=== Section Start ===
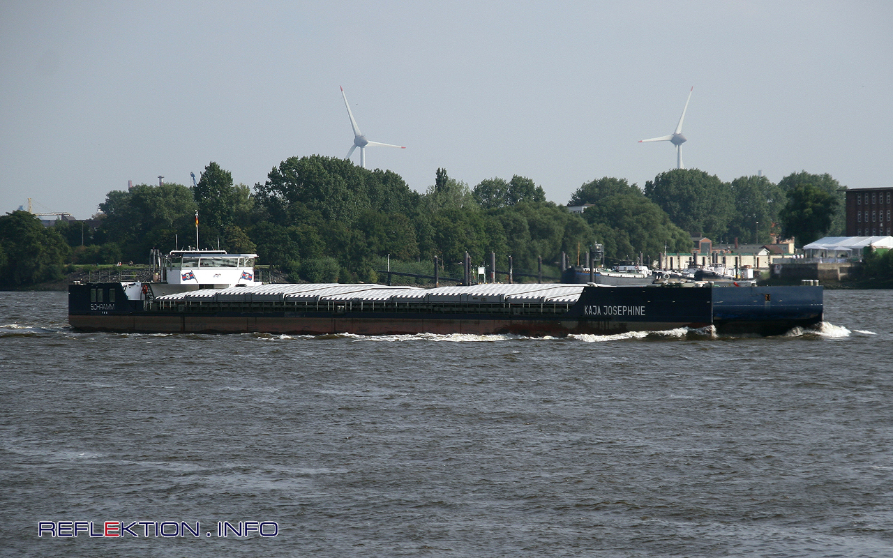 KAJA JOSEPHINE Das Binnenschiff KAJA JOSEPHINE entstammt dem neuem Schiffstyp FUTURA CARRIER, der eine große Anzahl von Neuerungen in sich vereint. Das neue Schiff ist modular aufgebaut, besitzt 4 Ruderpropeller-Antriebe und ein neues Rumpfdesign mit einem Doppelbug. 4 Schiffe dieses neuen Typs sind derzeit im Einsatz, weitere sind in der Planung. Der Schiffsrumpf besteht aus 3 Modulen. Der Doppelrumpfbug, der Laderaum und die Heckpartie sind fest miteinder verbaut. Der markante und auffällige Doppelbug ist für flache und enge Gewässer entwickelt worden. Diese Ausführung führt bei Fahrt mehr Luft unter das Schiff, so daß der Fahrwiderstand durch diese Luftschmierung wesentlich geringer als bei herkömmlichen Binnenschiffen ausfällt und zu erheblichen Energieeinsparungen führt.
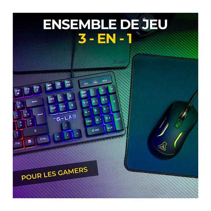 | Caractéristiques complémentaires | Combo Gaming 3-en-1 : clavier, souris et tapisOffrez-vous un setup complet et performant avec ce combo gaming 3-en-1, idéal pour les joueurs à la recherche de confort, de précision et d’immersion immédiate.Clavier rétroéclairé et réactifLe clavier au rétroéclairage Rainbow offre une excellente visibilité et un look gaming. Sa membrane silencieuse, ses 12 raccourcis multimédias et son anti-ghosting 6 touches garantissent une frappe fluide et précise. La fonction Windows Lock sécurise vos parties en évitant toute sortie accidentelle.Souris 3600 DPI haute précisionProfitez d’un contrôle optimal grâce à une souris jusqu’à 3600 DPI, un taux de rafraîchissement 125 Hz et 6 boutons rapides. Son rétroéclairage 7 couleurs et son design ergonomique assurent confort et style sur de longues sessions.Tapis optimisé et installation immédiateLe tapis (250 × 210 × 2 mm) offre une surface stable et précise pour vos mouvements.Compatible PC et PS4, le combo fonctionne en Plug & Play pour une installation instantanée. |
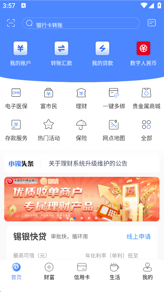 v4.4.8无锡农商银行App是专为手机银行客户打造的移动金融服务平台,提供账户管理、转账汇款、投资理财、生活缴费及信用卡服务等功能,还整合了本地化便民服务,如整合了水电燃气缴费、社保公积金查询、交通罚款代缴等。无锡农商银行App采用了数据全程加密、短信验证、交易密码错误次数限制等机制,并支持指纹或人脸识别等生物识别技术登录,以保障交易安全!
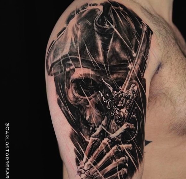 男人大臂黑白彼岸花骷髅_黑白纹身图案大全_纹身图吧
=== Section End ===
=== Section Start ===
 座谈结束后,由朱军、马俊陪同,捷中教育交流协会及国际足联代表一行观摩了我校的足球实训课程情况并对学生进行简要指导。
=== Section End ===
=== Section Start ===
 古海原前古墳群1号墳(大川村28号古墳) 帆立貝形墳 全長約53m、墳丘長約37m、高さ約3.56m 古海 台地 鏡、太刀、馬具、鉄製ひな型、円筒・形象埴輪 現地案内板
=== Section End ===
* **Exercise objective**: Look through the material above. Transcribe exactly the lines between the ones with "v4.4.8无锡农商银行Ap" and "男人大臂黑白彼岸花骷髅_黑白纹身图案大全_纹身图吧", inclusive, and keep pictures out.

* **The answer**:
 v4.4.8无锡农商银行App是专为手机银行客户打造的移动金融服务平台,提供账户管理、转账汇款、投资理财、生活缴费及信用卡服务等功能,还整合了本地化便民服务,如整合了水电燃气缴费、社保公积金查询、交通罚款代缴等。无锡农商银行App采用了数据全程加密、短信验证、交易密码错误次数限制等机制,并支持指纹或人脸识别等生物识别技术登录,以保障交易安全!
 男人大臂黑白彼岸花骷髅_黑白纹身图案大全_纹身图吧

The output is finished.